Navigating slippery sidewalks and trails can be an agility workout all on it’s own! Protect yourself from falls and consider investing in a pair of ice cleats and walking poles for increased traction and stability. Ice cleats are best designed for ice and snow, use caution if transitioning to bare pavement.
10. Stay hydrated.
While on warm days, many of us are prompted to drink water due to thirst. However, this can be a poor indicator of your hydration level in winter months. You are still losing fluids as you breath and sweat during the colder months so be sure to replenish your fluids. If you are having a hard time getting excited about water, consider a hot cup of herbal tea or warm water with lemon.

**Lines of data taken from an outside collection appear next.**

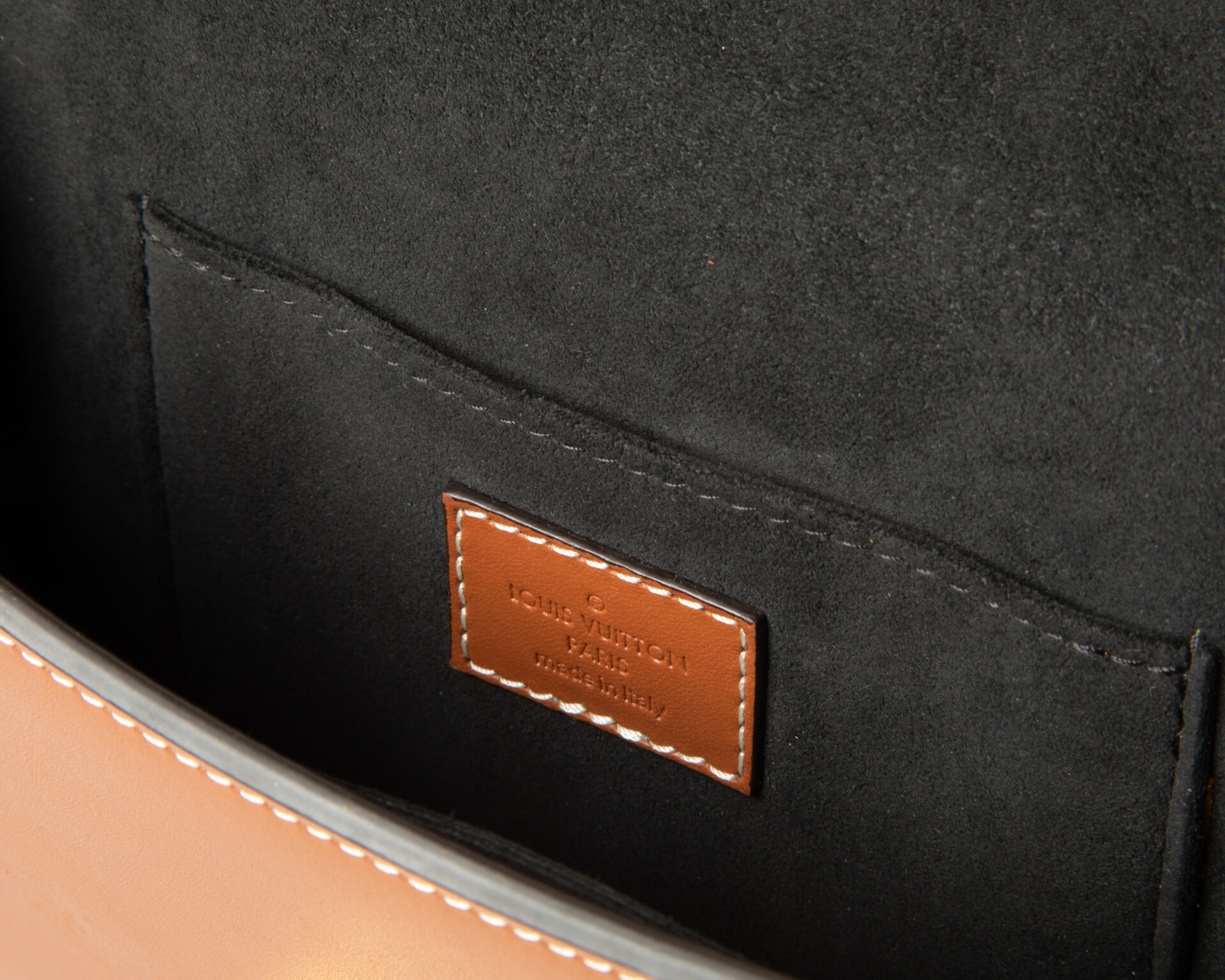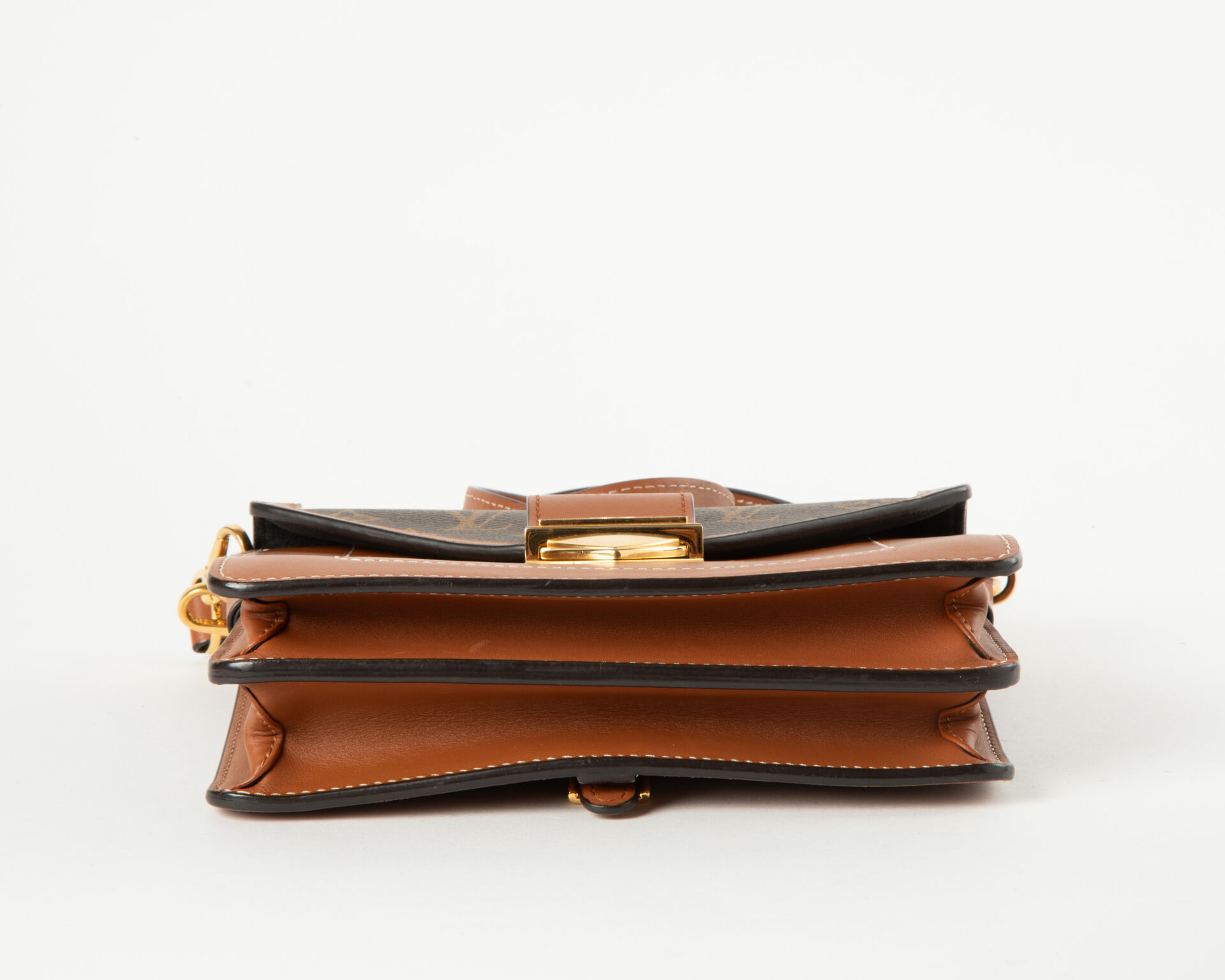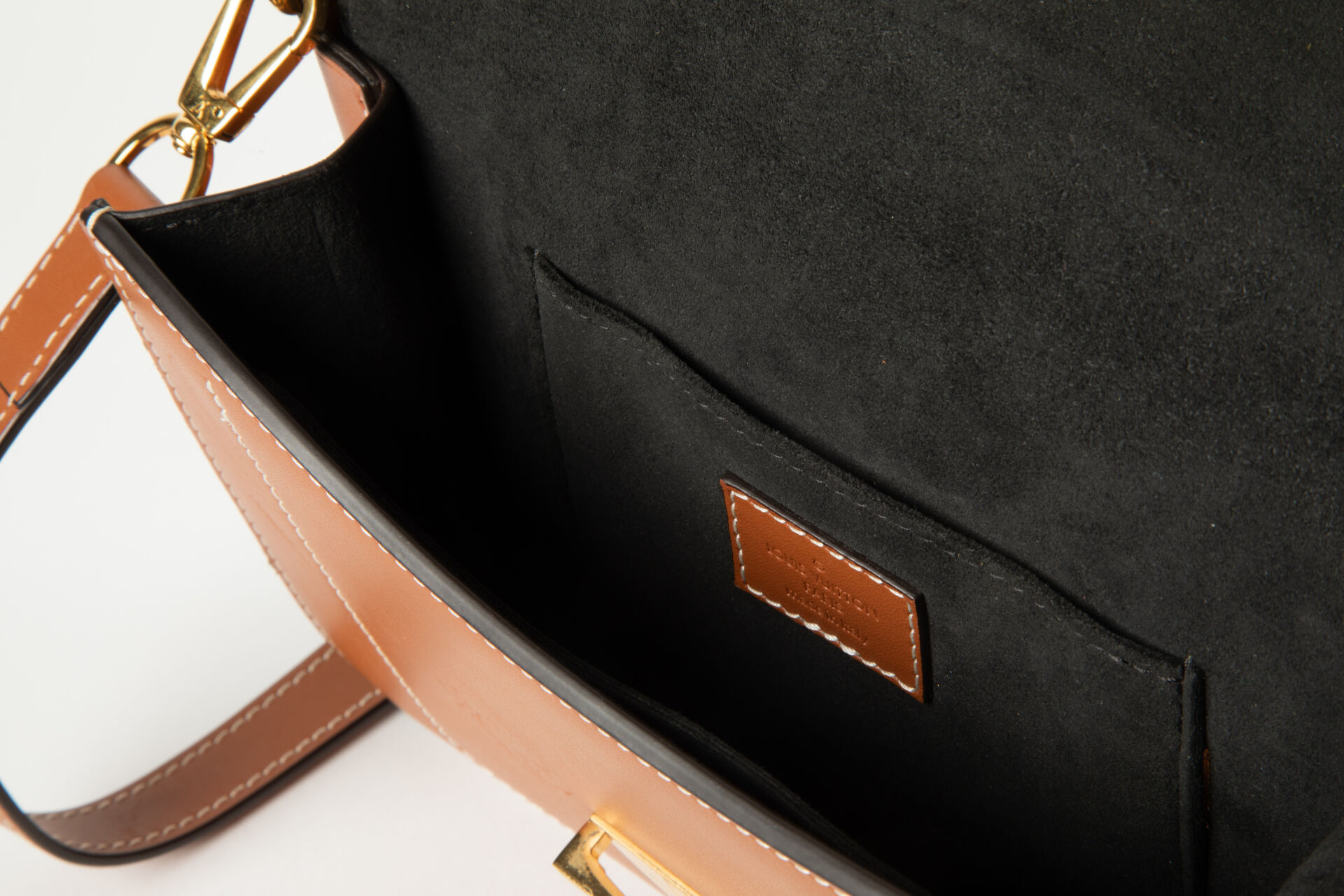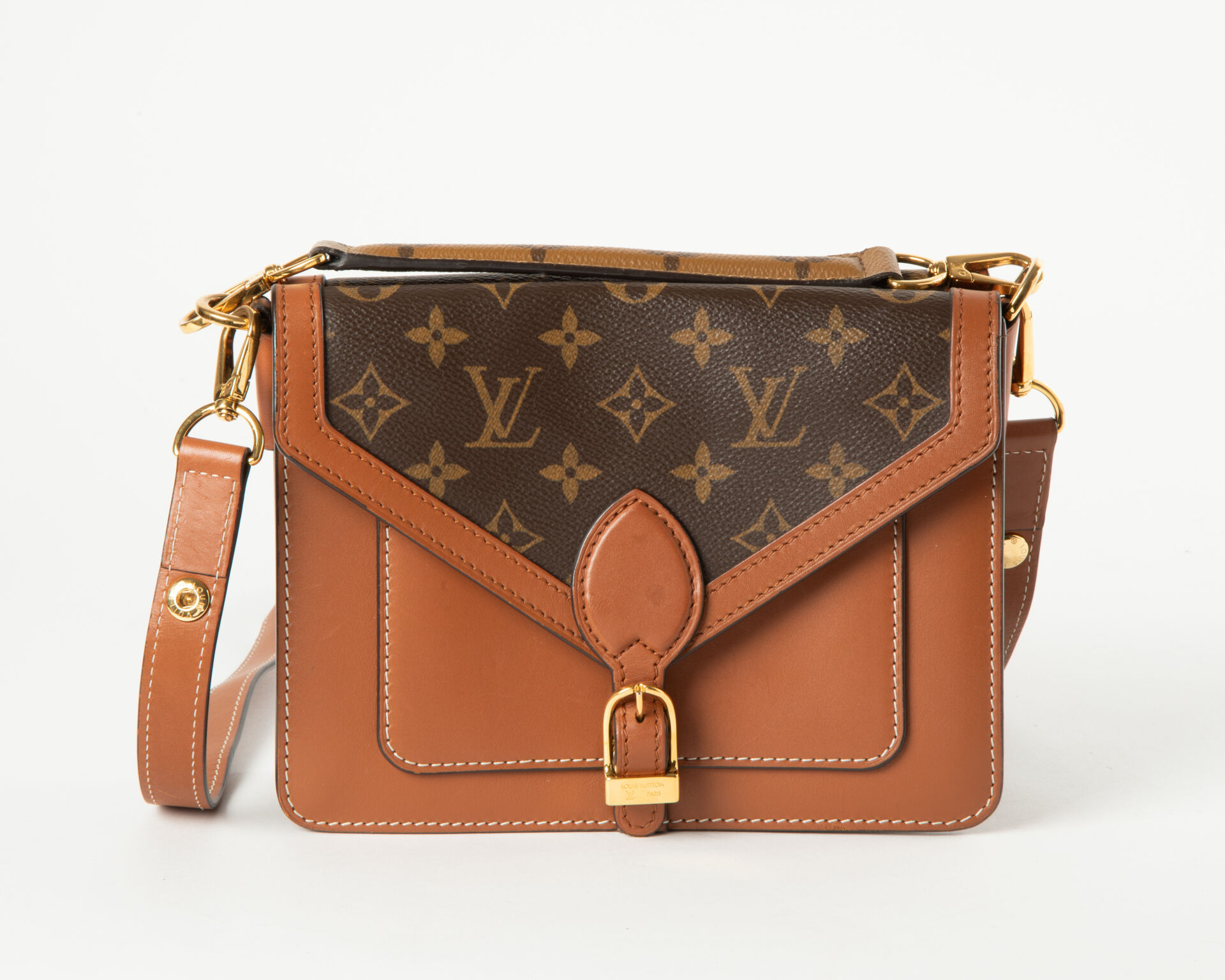 Modèle Two in One – Sac à main en cuir naturel et toile enduite monogram marron et beige à trois soufflets, anse et bandoulière amovibles, accastillage en métal doré. Deux compartiments fermés, l’un par une bride, l’autre fermeture à glissière, doublure en suédine noire à trois poches appliquées.
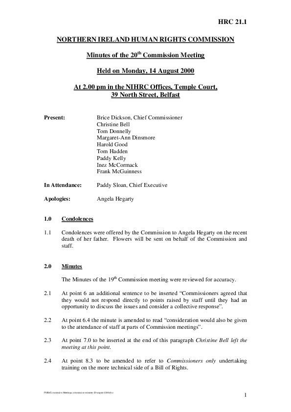 Minutes of the 20th Commission Meeting, held on 14 August 2000.
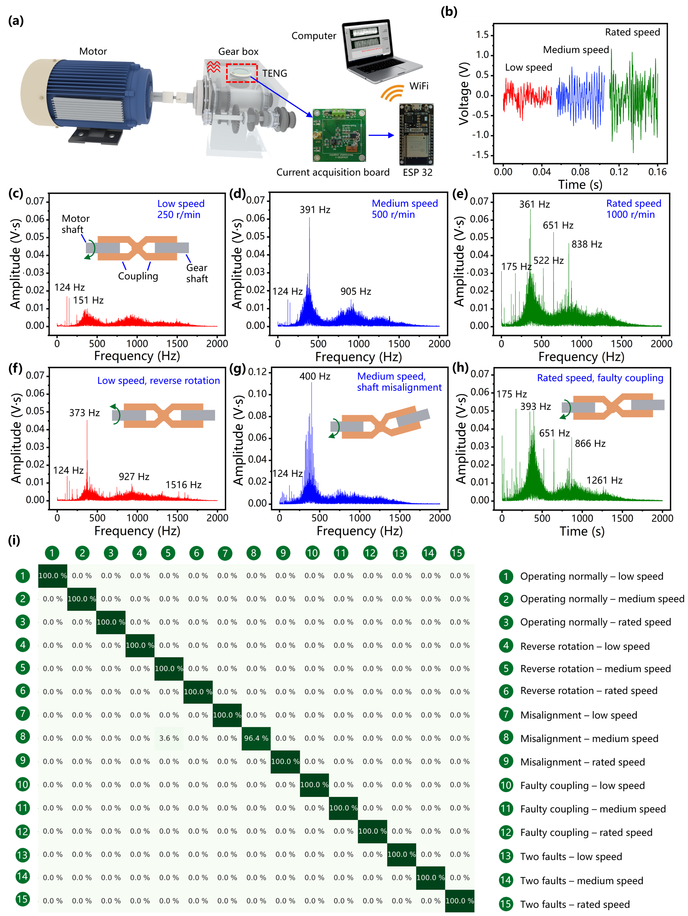 近日,beat365中文官方网站深圳国际研究生院丁文伯助理教授的智能感知与机器人(Smart Sensing and Robotics, SSR)课题组开发了一种基于摩擦纳米发电机(TENG)的高灵敏度自驱动振动传感器。利用柔性介电薄膜与多孔金属材料构建摩擦层,有效提升了TENG传感精度,所制备的TENG传感器可以检测到1-2000 Hz频率的振动,即使在高温高湿的环境中,TENG传感器输出的信号在波形上不失真(幅值改变)。在实验室条件下将TENG传感器初步应用于机械齿轮系统的运行状态检测,将机器学习与TENG信号识别相结合,达到了高准度识别机械系统运行状态的目的,检测结果可实时显示在远程监控或者移动设备上。TENG传感器同时可用于空气压缩机、热风枪、砖瓦空鼓等方面的振动检测,并通过嵌入式系统将运行状态在屏幕显示。该工作为构建TENG自驱动传感器提供了新思路,在机械故障智能诊断方向具有应用潜力。
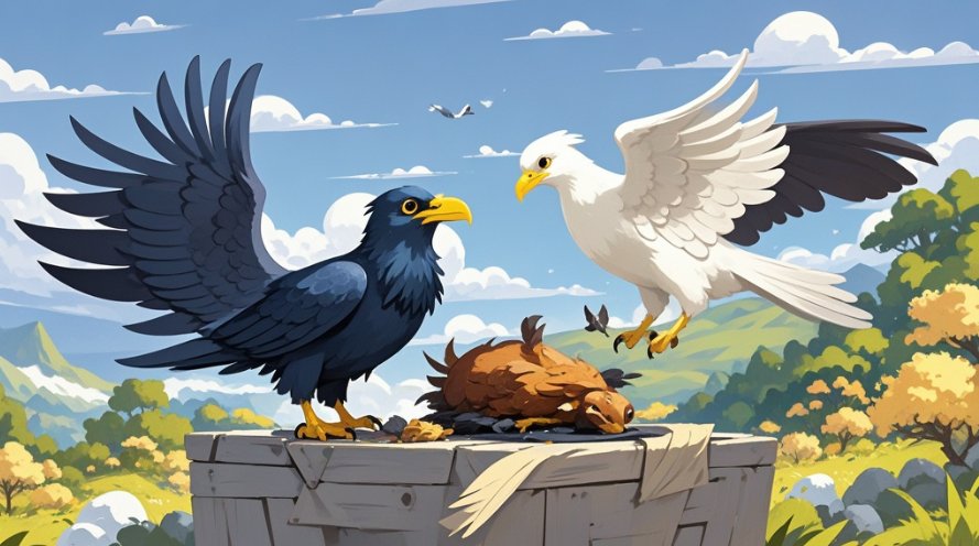 三天后,白鸽身负重伤飞回,只说了“斑鸠”两字便昏死过去。乌鸦说:“早就觉得那鸟反常,必为奸细。”鹰王大怒,命令乌鸦严刑逼供。斑鸠架不住打,含泪招供,被鹰王下令拖出去烤了。
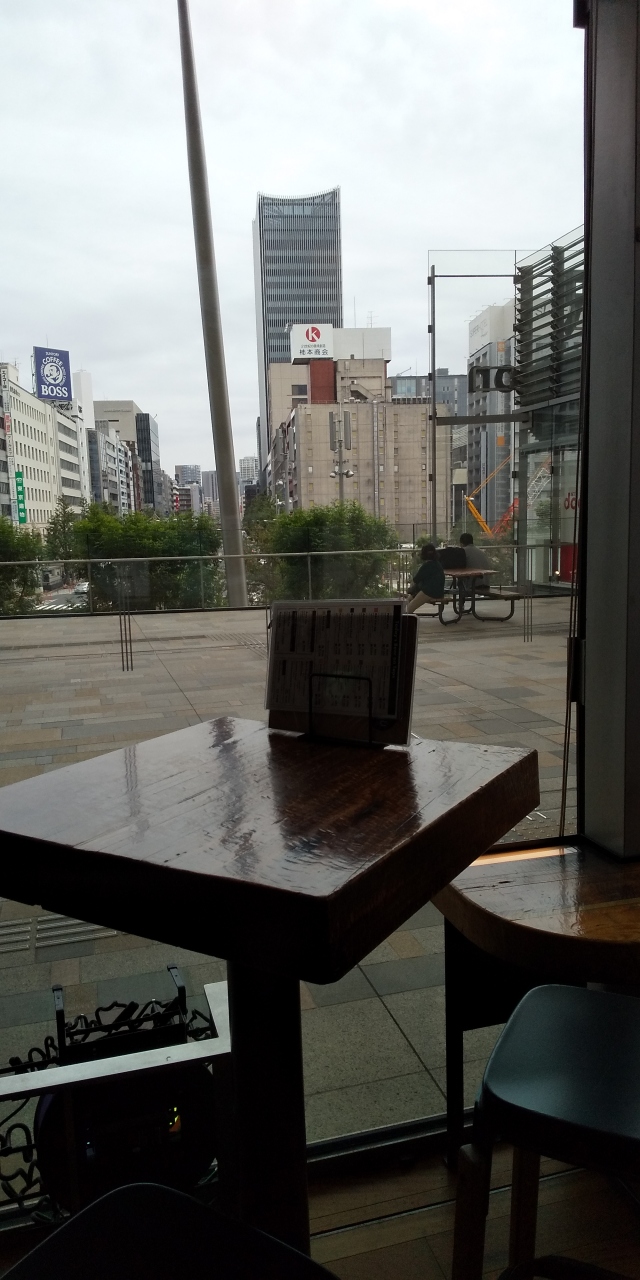 東京駅の八重洲口、バスターミナルの上のテラスは開放的で夜景も楽しめそう。
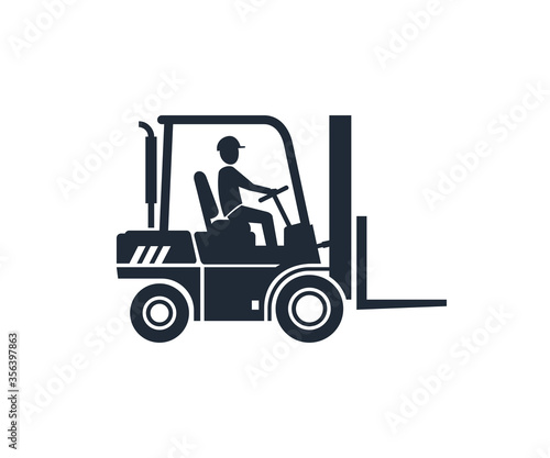 © Dmitry Kovalchuk, Fototapeta premium Forklift icon - warehouse packaging loader silhouette with driver - monochrome vector truck sign
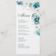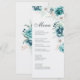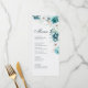Presentera din meny med stil med detta tealfärgade botaniska menykort för bröllop. Vattenfärgade vilda blommor och mjuka botaniska accenter formar designen, medan elegant typografi håller layouten raffinerad och lätt att läsa.
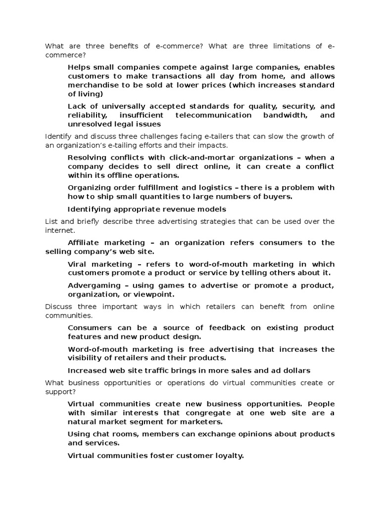 What are three benefits of e-commerce? What are three limitations of ecommerce?

Bonus Tip – Embrace the Wind!
Although it might be tough to head into the wind at the start of your walk or run, plan your route so as you heat up and start to sweat, having the wind at your back will help to preserve your core body temperature and avoid windchill.
You can also listen to more about staying active this Winter with Kiley Torti and Rob Murray on Mountain FM.
Living in the Bow Valley means long winters but it doesn’t mean you have to hibernate. Finding strategies to help you stay active and get outside will help to boost your mood, energy and your immune system. So bundle up and get out there!
Kiley is a Clinical Exercise Physiologist and one of the PCN’s Active Living Consultants.